- Port Paterson
- Coordinates: 32°33′20″S 137°50′12″E﻿ / ﻿32.55549°S 137.836553°E
- Population: 73 (SAL 2016)
- Established: 3 August 1993
- Gazetted: 17 February 1994
- Postcode(s): 5700
- Elevation: 7 m (23 ft)
- Time zone: ACST (UTC+9:30)
- • Summer (DST): ACST (UTC+10:30)
- Location: 273.8 km (170 mi) north of Adelaide ; 9 km (6 mi) south of Port Augusta ;
- LGA(s): City of Port Augusta
- Region: Far North
- County: Frome
- State electorate(s): Stuart
- Federal division(s): Grey
| Mean max temp | Mean min temp | Annual rainfall |
| 24.7 °C 76 °F | 13.6 °C 56 °F | 257.0 mm 10.1 in |
Suburbs around Port Paterson:
| Spencer Gulf | Port Augusta | Stirling North |
| Spencer Gulf | Port Paterson | Stirling North Woolundunga |
| Winninowie | Winninowie | Winninowie |
- Footnotes: Location Adjoining localities

= Port Paterson, South Australia =

Port Paterson is a locality in the Australian state of South Australia located on the east coast of Spencer Gulf at the gulf's northern end about 237.4 km north of the state capital of Adelaide and about 9 km south of the centre of Port Augusta.
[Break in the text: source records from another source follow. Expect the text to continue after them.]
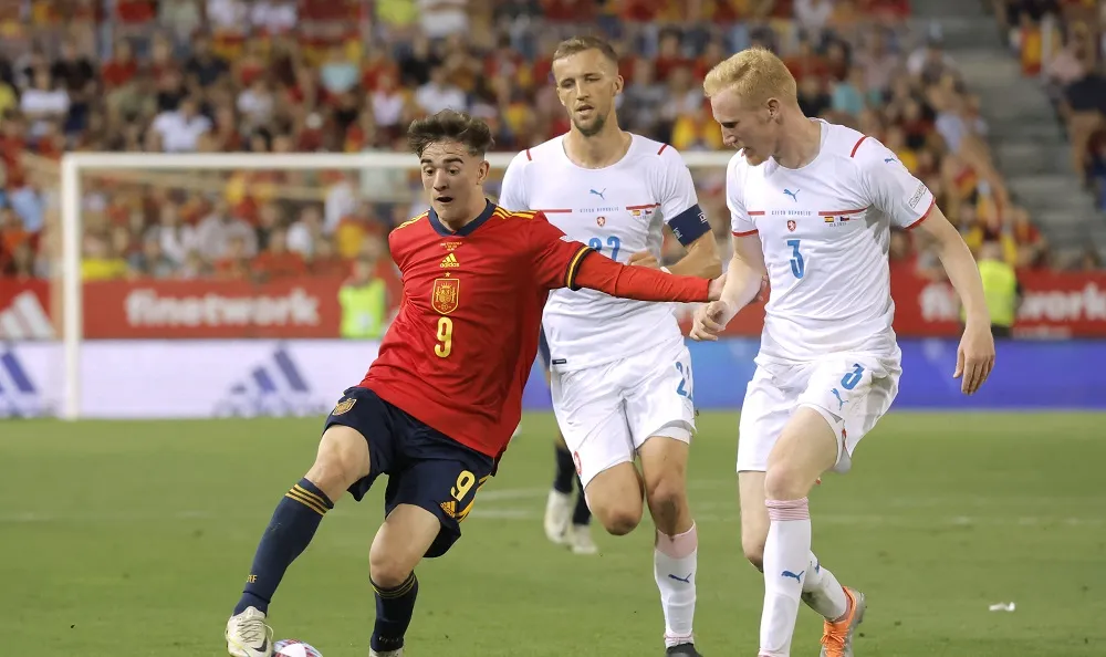 Football - UEFA Nations League - Group B - Spain v Czech Republic - La Rosaleda Stadium, Malaga, Spain - June 12, 2022 Spain's Gavi in action with Czech Republic's Vaclav Jemelka. (Reuters)
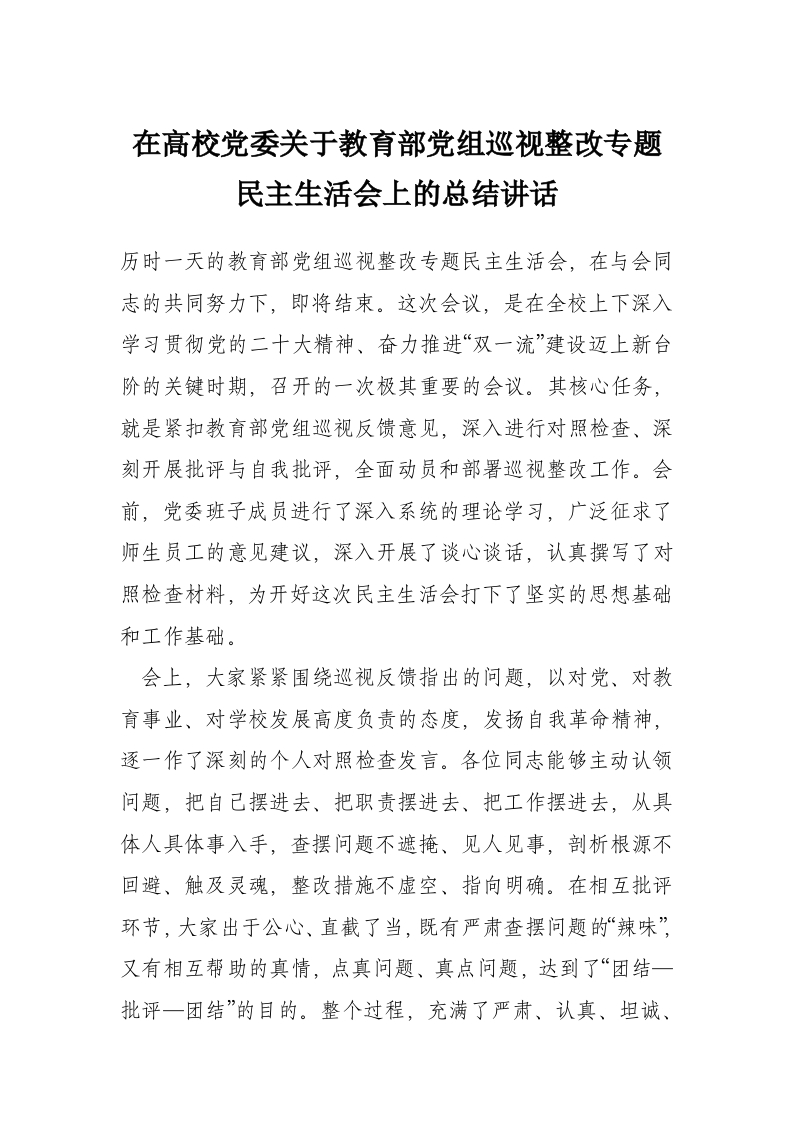 在高校党委关于教育部党组巡视整改专题民主生活会上的总结讲话
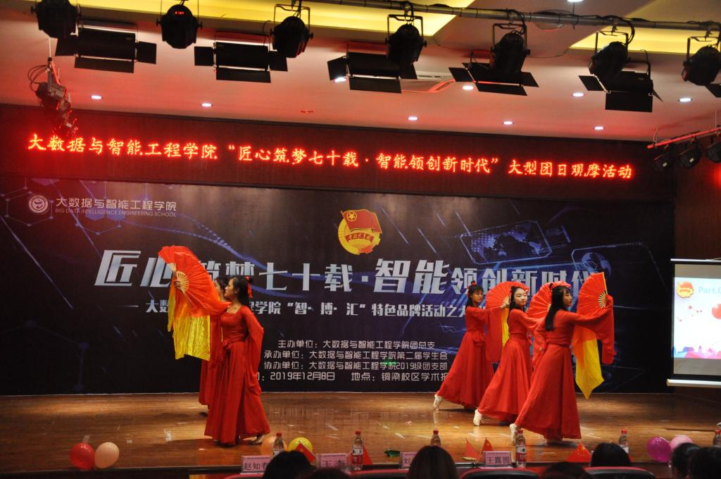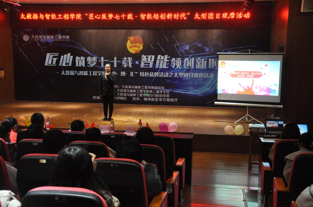 为深入学习贯彻习近平新时代中国特色社会主义思想,庆祝新中国成立70周年,积极培育和践行社会主义核心价值观,为让团员们更好认识到祖国发展的需要与自身息息相关,以自身发展参与、推进公司建设,在智能化新时代中展现团员的创新精神和特色风采,进一步增强公司的凝聚力和集体荣誉感。公司于2019年12月8日晚上19:00在铜梁校区学术报告厅举行了以“匠心筑梦七十载·智能领创新时代”为主题的大型团日观摩活动。公司团总支书记王红妹、员工兼职团总支副书记王露圆、辅导员孙超和谭兰芳、铜梁校区各兄弟公司组织部代表、合川校区员工会干部代表及2019级全体团员参加此次活动。
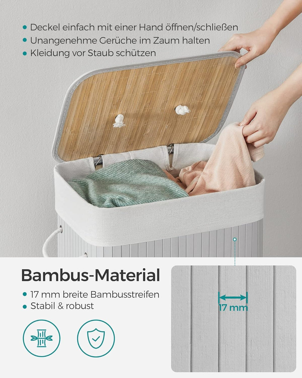 SONGMICS Wäschekorb mit Deckel, Wäschesammler Bambus, Wäschesack herausnehmbar und maschinenwaschbar
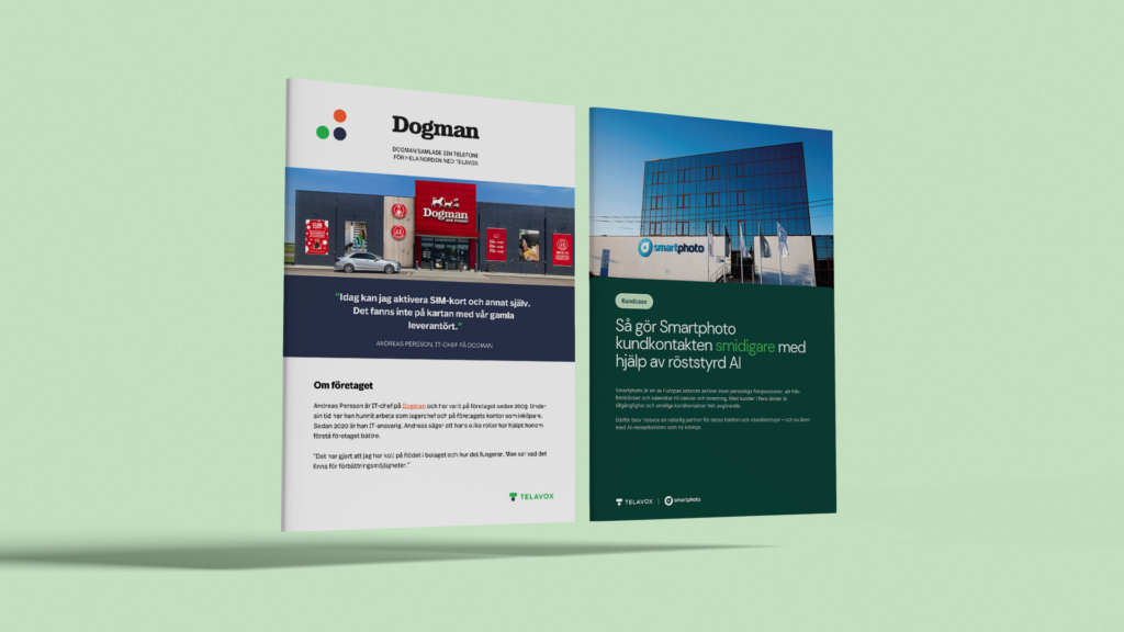 Lad eksisterende kunder fortælle, hvordan Telavox forenkler deres hverdag. Flere cases til forskellige brancher og behov, perfekte til præsentationer, pitches og på nettet.
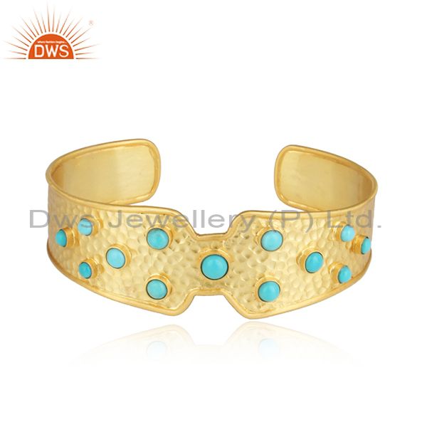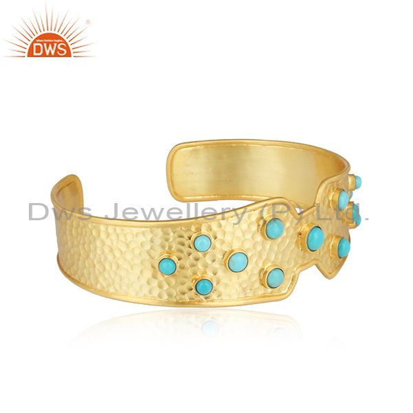 Hammered Bold Textured Gold on Silver Cuff with Arizona Turquoise
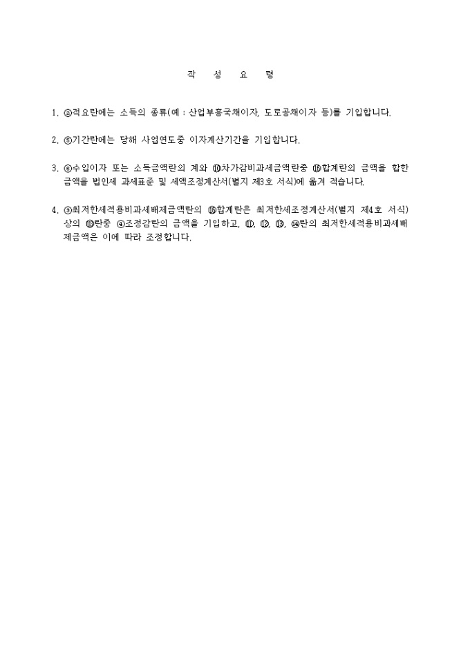 3. 수입이자 또는 소득금액란의 계와 차가감비과세금액란중 합계란의 금액을 합한 금액을 법인세 과세표준 및 세액조정계산서(별지 제3호 서식)에 옮겨 적습니다.
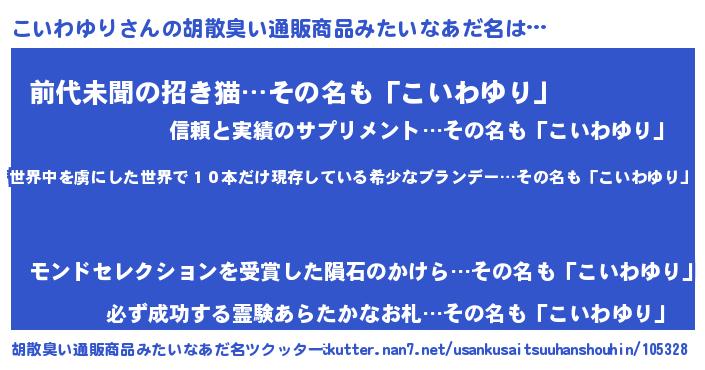 | 意味不明あだ名 | 『住所不定無職こいわゆり(91歳)』 |
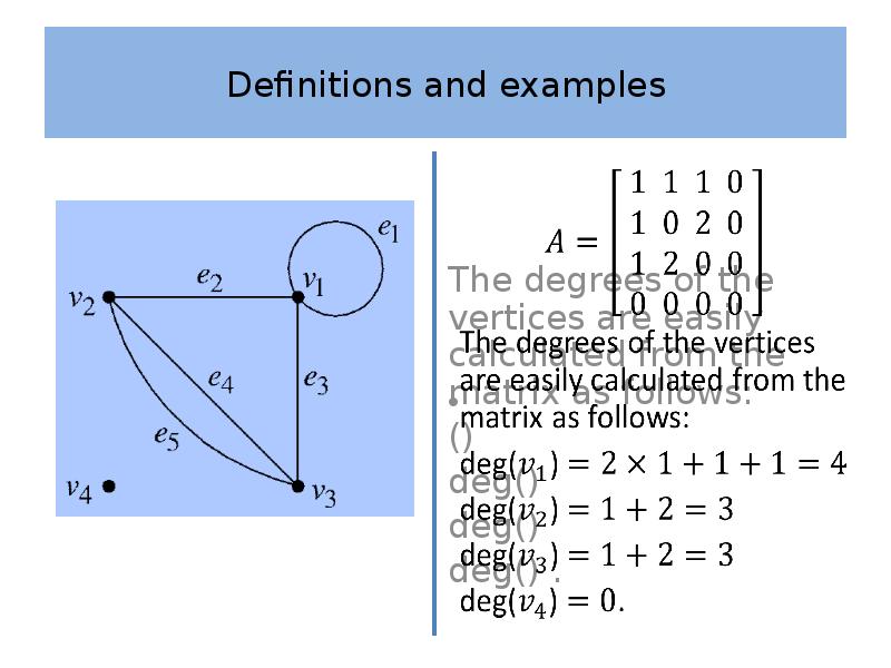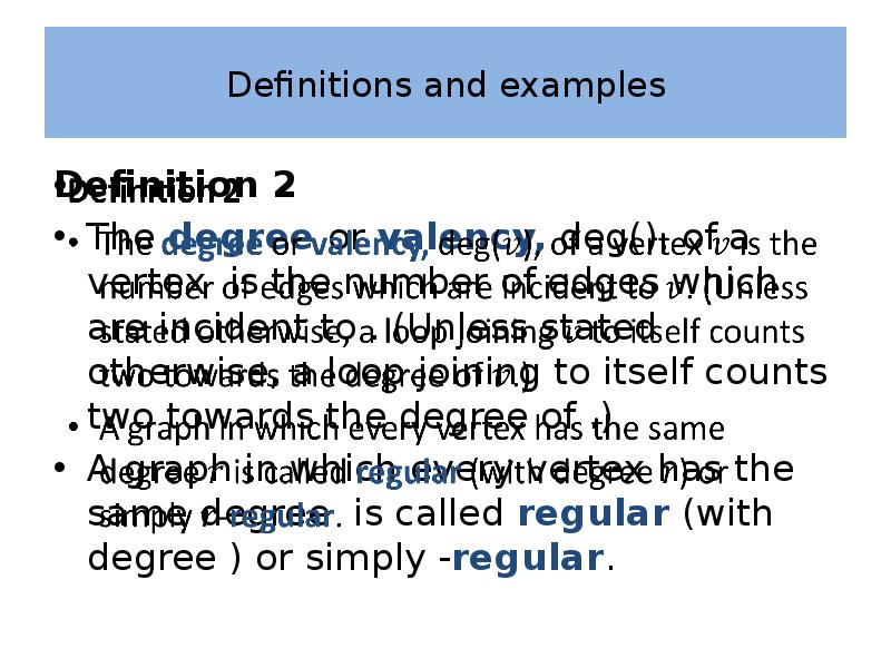 - 10. Definitions and examples Definition 2 The degree or valency, deg(), of
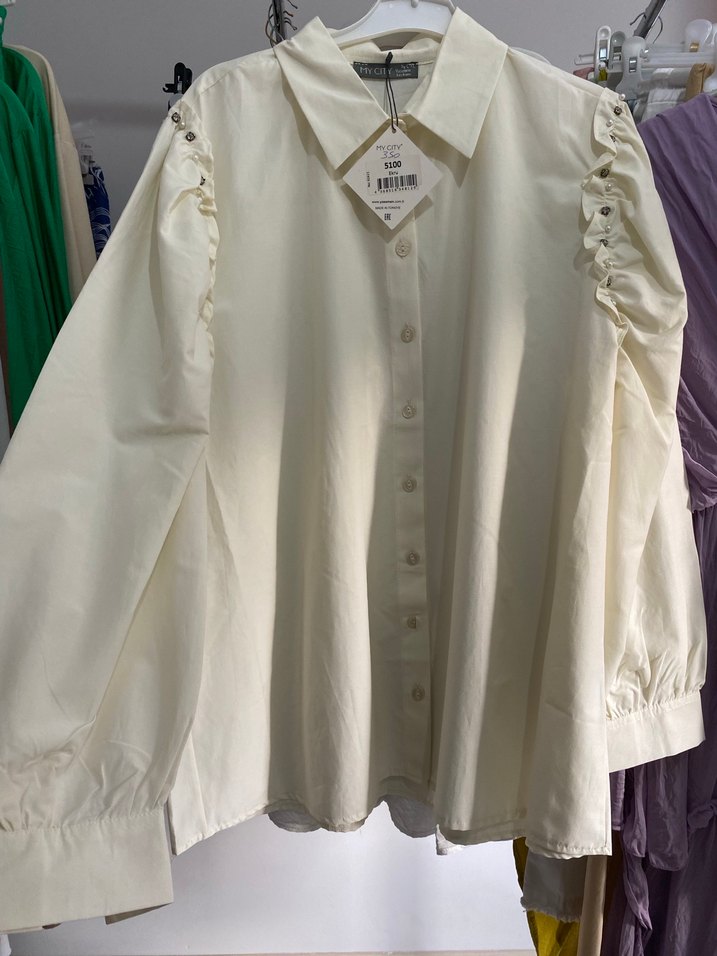 Düğmeli beyaz pamuklu gömlek, uzun kollu ve yakalıdır. Salaş kesimi ve normal boyu ile ofis için uygundur. Mağaza ürünüdür sıfır ürün etiketli defosuz mağazayı kapattığımız için kalan ürünleri alış fiyatına satıyoruz daha uygununu assssla bulamazsınız rengi krem beyaz l-xl uyumlu
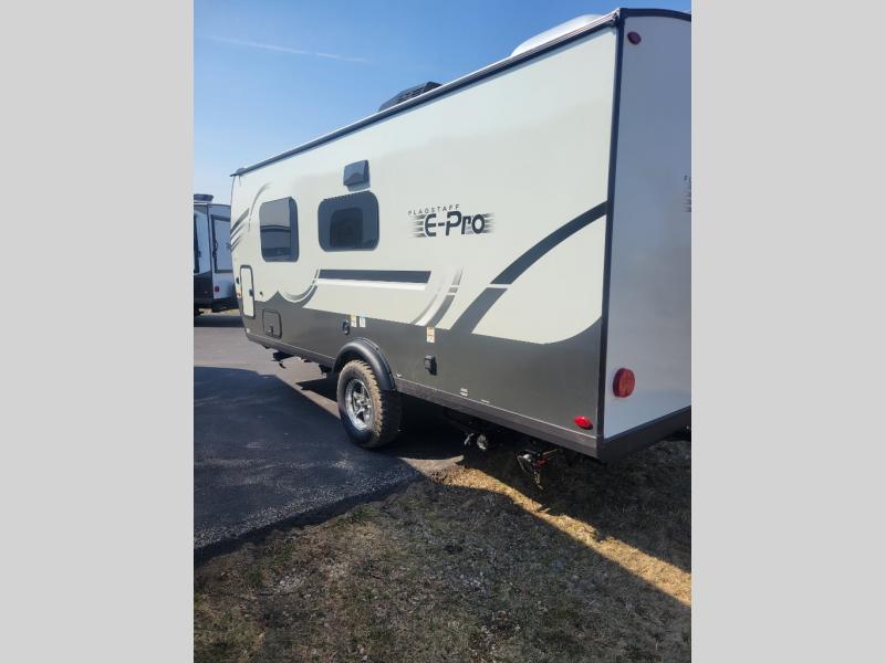 With any Flagstaff E-Pro travel trailer by Forest River, you will experience lightweight towing, style and features that will meet your needs, plus amenities that give you more than you expected! Built with interior and exterior composite sidewall construction, tongue and grove plywood flooring, and a vacuum laminated roof and walls, plus torsion axle, Rubber-Ryde suspension, and a tire pressure monitoring system for safety while traveling. And the 200 watt roof mount solar panel with 1,800-watt inverter will allow you to stay off-grid if you like. The interior offers a comfortable environment with the choice to use the air conditioner or furnace, and a 12V entertainment TV with a stereo to stay up to date on your favorite movies. Make your selection today!
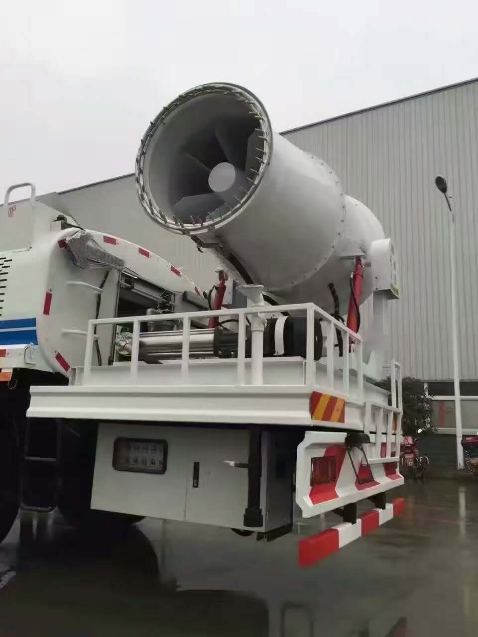 上裝采用武漢碳鋼板定制8噸水罐,配備杭州威龍灑水泵,帶前沖后灑,后置工作平臺,配備山東北華80型風機,帶柴油發(fā)電機組。最大霧化可達80米。降塵首選。

Its boundaries were created in August 1993 over land that was “originally a private subdivision of section 540” in the cadastral unit of the Hundred of Davenport. Its name is reported as being derived from “James Pat(t)erson” who is described as an “early pastoralist”. Port Paterson is bounded by the coastline to the west and by the Augusta Highway to the east and includes the former power generation facilities that burned coal mined at Leigh Creek - Playford A, Playford B and Northern Power Station.

As of 2015, the majority land use within the locality was industry which was associated with the former power stations. Other uses include primary sector industry (a large solar-powered greenhouse owned by Sundrop Farms), residential and conservation which concerns the strip of land immediately adjoining the coastline except for that used for the former power stations.

Port Paterson is located within the federal division of Grey, the state electoral district of Stuart and the local government area of the City of Port Augusta.